Among the potential solutions, payments for ecosystem services (PES) programs have been widely implemented across the world (57). The central idea of PES is that conservation costs borne by communities in target areas should be compensated by beneficiaries outside conservation regions to avoid impeding socioeconomic development of those local communities. Normally, costs of conservation are not distributed in proportion to their gains. The gains of conservation (for example, enhanced water supply, wildlife habitat, and carbon sequestration) are often shared regionally or even globally, but the costs (for example, lost livelihood opportunities) are mostly borne by local communities (7). For example, forest conservation practices (for example, logging bans) upstream often bring benefits such as clean water to users downstream (for example, city dwellers). However, these conservation practices may worsen the livelihood of upstream land users (for example, farmers) because of sacrificed opportunities for productive use of the forest resources. By offering payments to participating households, it is hoped that PES programs can simultaneously facilitate ecosystem conservation and socioeconomic development in target areas (7).

To evaluate the effectiveness of PES programs in achieving their sustainability goals, a large number of studies have documented their effects on environmental and socioeconomic outcomes (810). Although it is important to capture these effects, such work offers little insight into the processes through which these effects occur (11, 12). In conservation areas, PES programs often induce complex human-nature changes (for example, decrease in traditional livelihood activities) that may constitute pathways through which PES programs affect target outcomes (for example, household income) indirectly. Revealing these pathways is vital for conservation success in both theory and practice. One of the major goals of conservation research is to produce generalizable understanding of the effects of policy interventions. However, the effects of policies, including PES programs, often vary across different spatial and temporal contexts, which often make them not directly comparable (13). Uncovering the pathways underlying these effects will allow more specific explanations to why certain socioeconomic outcomes occur or fail to occur, thereby making different study results more comparable and facilitating the development of theories (13). In conservation practice, better understanding the failures or successes of existing PES programs is also crucial. Armed with such knowledge, conservation practitioners may be able to identify the pathways that have the potential to improve the socioeconomic outcomes of PES programs and design management strategies accordingly. However, the pathways through which PES programs affect socioeconomic outcomes have remained elusive, and existing literature offers little guidance to test and quantify them (5, 6).

By integrating the linkages among PES programs, livelihood activities, and socioeconomic outcomes, we propose a conceptual framework for revealing the pathways through which PES programs affect socioeconomic outcomes. We then demonstrate the framework’s operationalization using the structural equation modeling approach to analyze the pathways through which two PES programs affected the income of participating households in a demonstration site. On the basis of our findings, we provide recommendations to improve the socioeconomic outcomes of PES programs for rural communities in the demonstration site and beyond.

Conceptual framework

Our conceptual framework (Fig. 1) includes three major interrelated components: PES programs, livelihood activities, and socioeconomic outcome. The linkages among them (the black arrows in Fig. 1) constitute pathways through which PES programs affect socioeconomic outcome.

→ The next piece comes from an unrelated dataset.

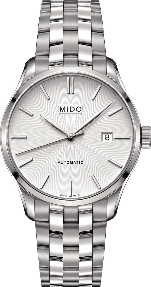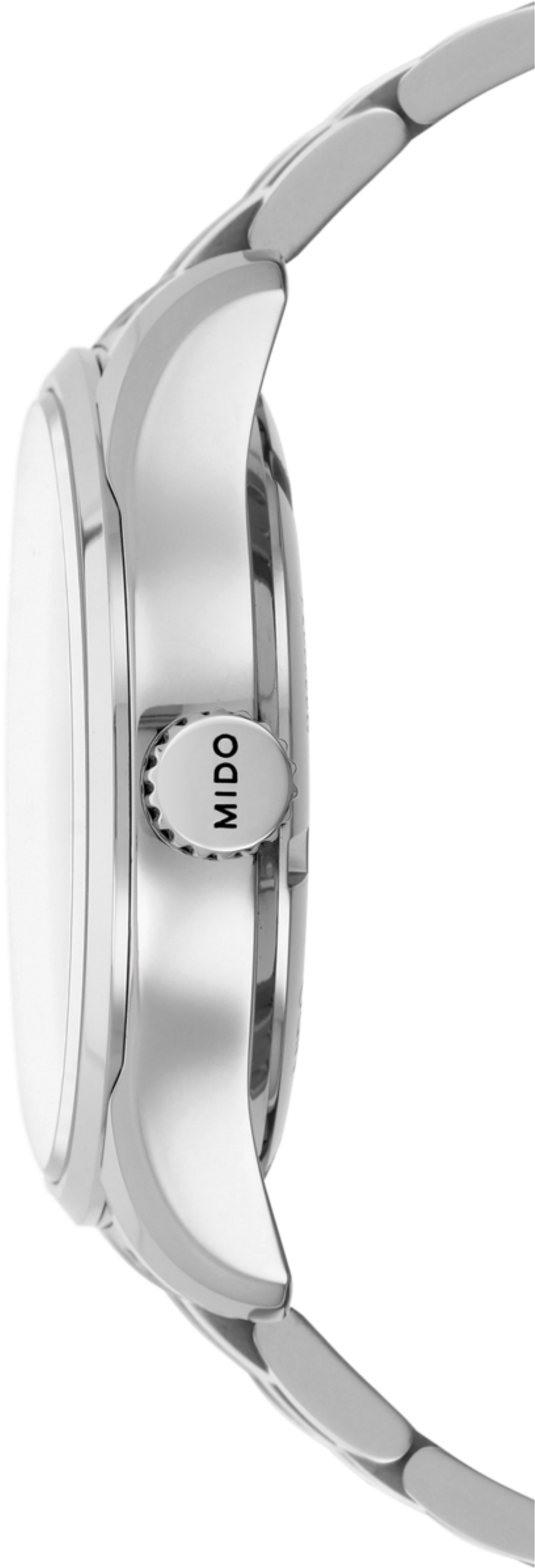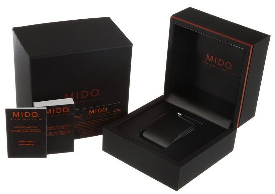 Funkce:Čas, datum, strojek swiss Mido caliber 80 ( Eta C07.611) - vyráběn firmou Eta exklusivně pro Mido = 25 kamenů (krokové ústrojí ocel/kámen), rezerva chodu 80 hodin, polokmity setrvačky 21.600/h = přesnost chodu 3 - 5 vteřin denně (nižší polokmity setrvačky jsou vyladěny jemnou regulací na věnci setrvačky pro maximální přesnost strojku), ozdobně lapovaný rotor samonátahu, automatický nátah (pohyb ruky) + ruční nátah (hodinky lze také natahovat i korunkou), průhledné zadní víčko pro náhled na strojek

Fig. 1 Framework for analyzing the effects of PES programs on socioeconomic outcome through influencing different livelihood activities.

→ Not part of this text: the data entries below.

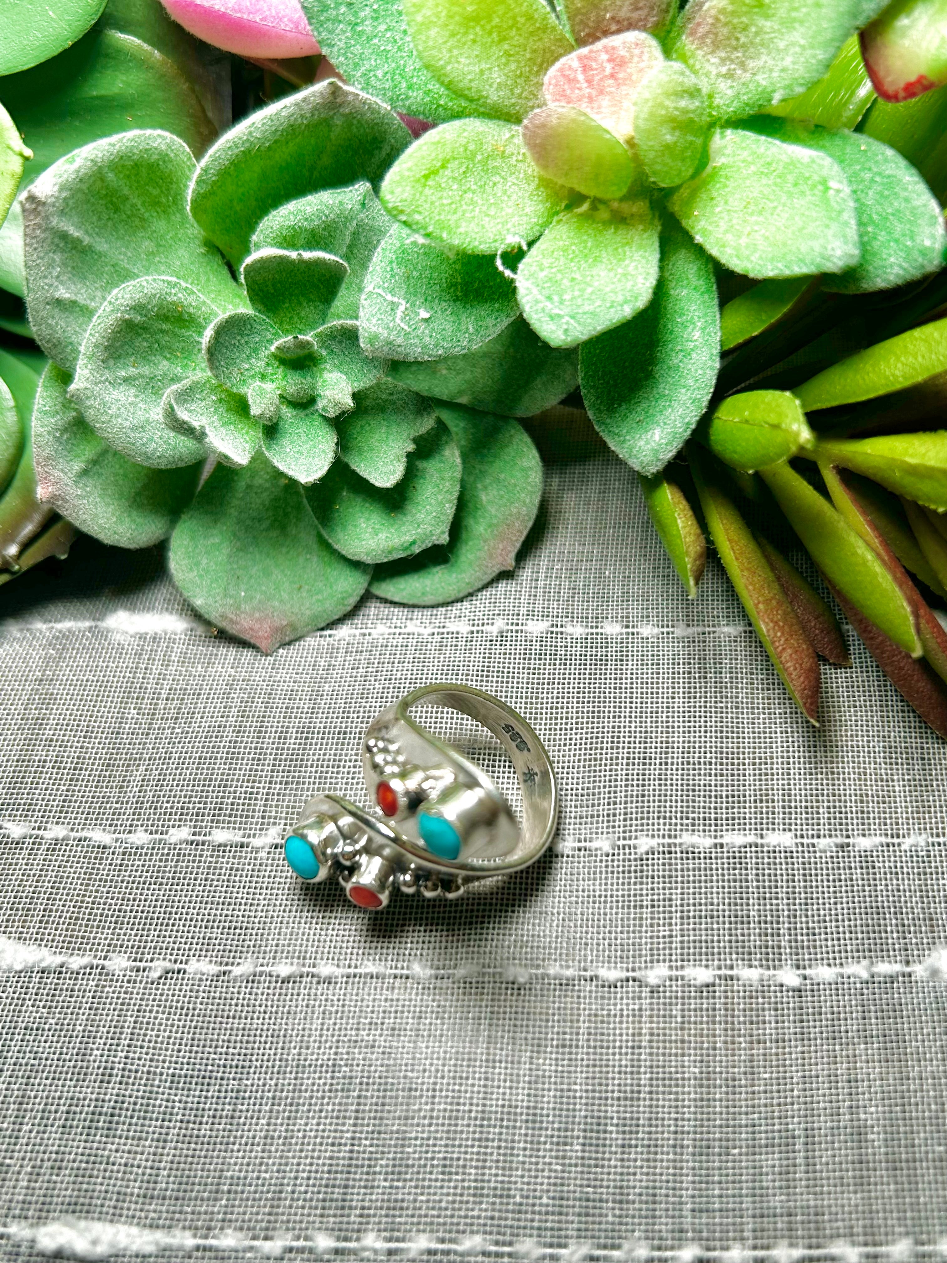 Navajo Made Multi Stone & Sterling Silver Adjustable Ring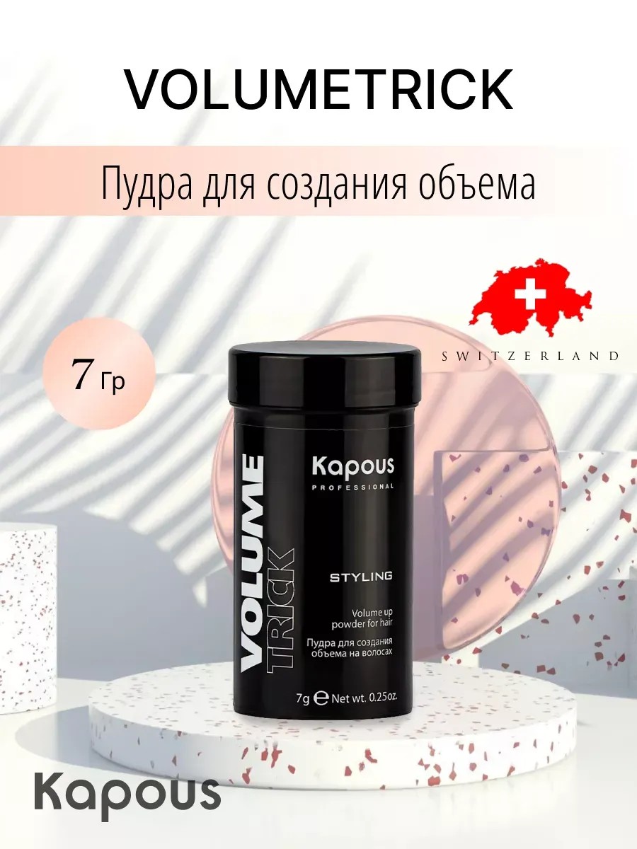 Пудра для создания объема на волосах Volumetrick серии Styling Kapous 7 гр.Невесомая пудра делает волосы более послушными при создании восхитительных объемных причесок и изящных укладок различной сложности. Помогает избежать утомительного начесывания волос и избавляет от обильного использования лака сохраняя объем на длительное время, подходит для волос любого типа и длины. Микрочастицы адсорбируют излишнюю сальность на коже головы, придавая волосам опрятный матовый вид.Способ применения: После завершения работы с феном или «утюжками» небольшое количество пудры нанести на сухие волосы, разделенные по проборам, начиная с прикорневой зоны, деликатно втереть. При необходимости распределить по всей длине волос. Для еще большего объема встряхнуть непосредственно волосы. Может использоваться несколько раз для достижения максимального эффекта. Не вычесывать. Не оставляет никаких следов и смывается при мытье головы.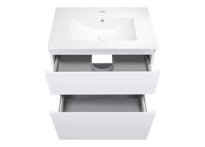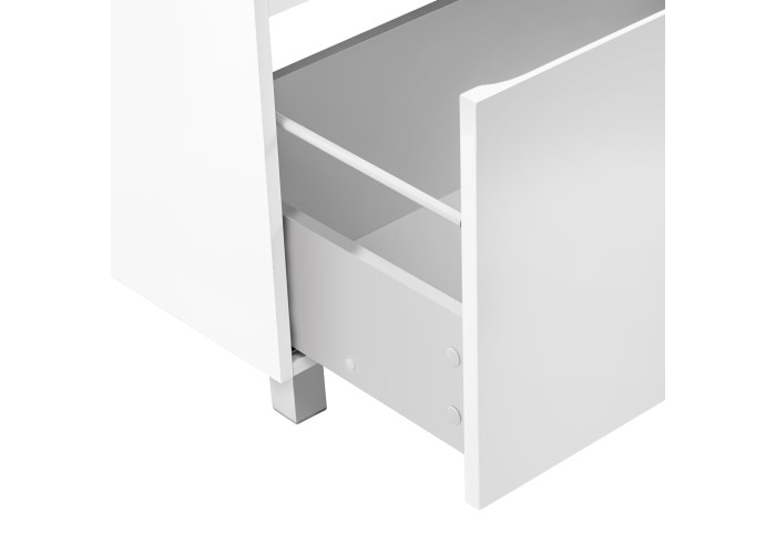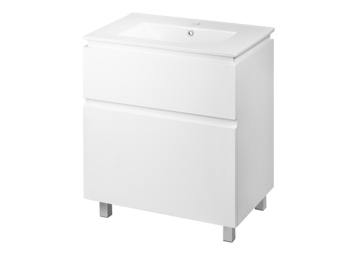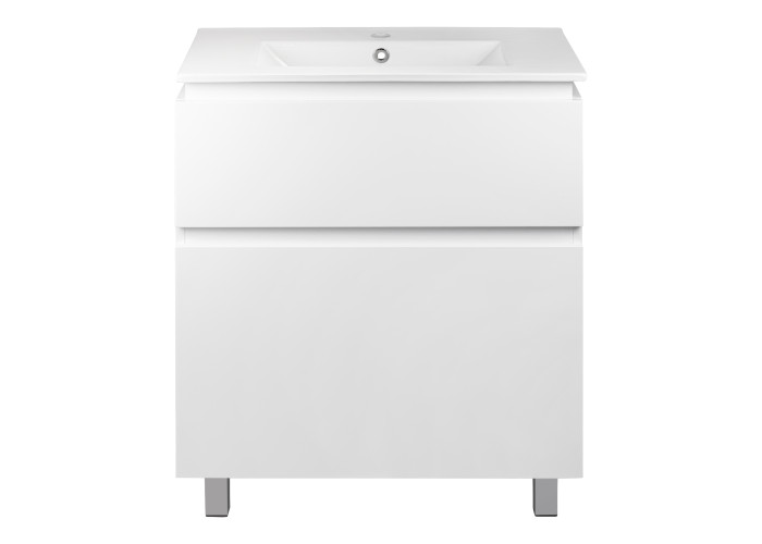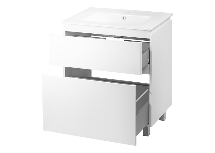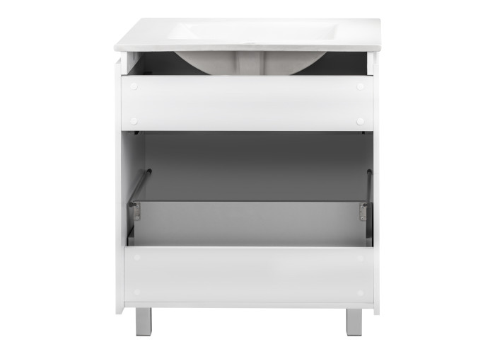Тумба підлогова з умивальником Qtap Albatross QT0171TN700D3070CW виконана з отвором під сифон і переливом. У комплекті чотири хромовані ніжки з пластику. Корпус тумби виготовлено з ДСП, з двошаровою ламінацією білого кольору, фасадна частина з МДФ з глянцевим покриттям. Тумба оснащена двома висувними ящиками з механізмом доведення. Тумба виконана в елегантному лаконічному стилі, який впишеться в дизайн будь-якої ванної кімнати.

An arrow represents a linkage through which the variable at the arrow tail affects the variable at the arrowhead. Black arrows are the ones that constitute the specified pathways linking PES programs and socioeconomic outcome. The blue arrow represents the unspecified pathway that links PES programs and socioeconomic outcome. Red arrows represent the linkages through which control variables affect other components in the framework. Different livelihood activities might be related, and the linkages among them may constitute additional pathways linking PES programs and socioeconomic outcome.

Along each specified pathway, one or more livelihood activities work as intermediary variable(s) to transmit the effect of PES programs on socioeconomic outcome. This means that PES programs affect livelihood activities (for example, farming) first, which, in turn, affect the socioeconomic outcome. For example, PES programs often work by paying for land use changes (for example, cropland conversion to forests or grasslands) that are thought to increase ecosystem services (7). Experiences and lessons learned (6, 14) over the past decades indicate that land use changes promoted by PES programs may reduce the benefits participating households could obtain from their previous livelihood activities (for example, agricultural production) and thus negatively affect socioeconomic outcome (for example, household income). Meanwhile, the resources (for example, surplus labor and payments) made available by PES programs to participating households may help them shift to alternative livelihood activities (for example, working in off-farm sectors). Benefits from these alternative livelihood activities may help compensate for the losses arising from participating in PES programs and improve the socioeconomic outcome (9).

Because different livelihood activities might be interrelated, the linkages among them may constitute additional pathways to transmit the effects of PES programs on socioeconomic outcome. For example, for various reasons (for example, higher income and hardships of farming), off-farm jobs are usually more attractive to farmers in many rural areas around the world (15). Households that have access to off-farm employment may invest less labor in farming activities and thus reduce their agricultural production. Therefore, if a PES program can prompt participating households to find off-farm employments, then it may, in turn, reduce their agricultural production and ultimately change the socioeconomic outcome.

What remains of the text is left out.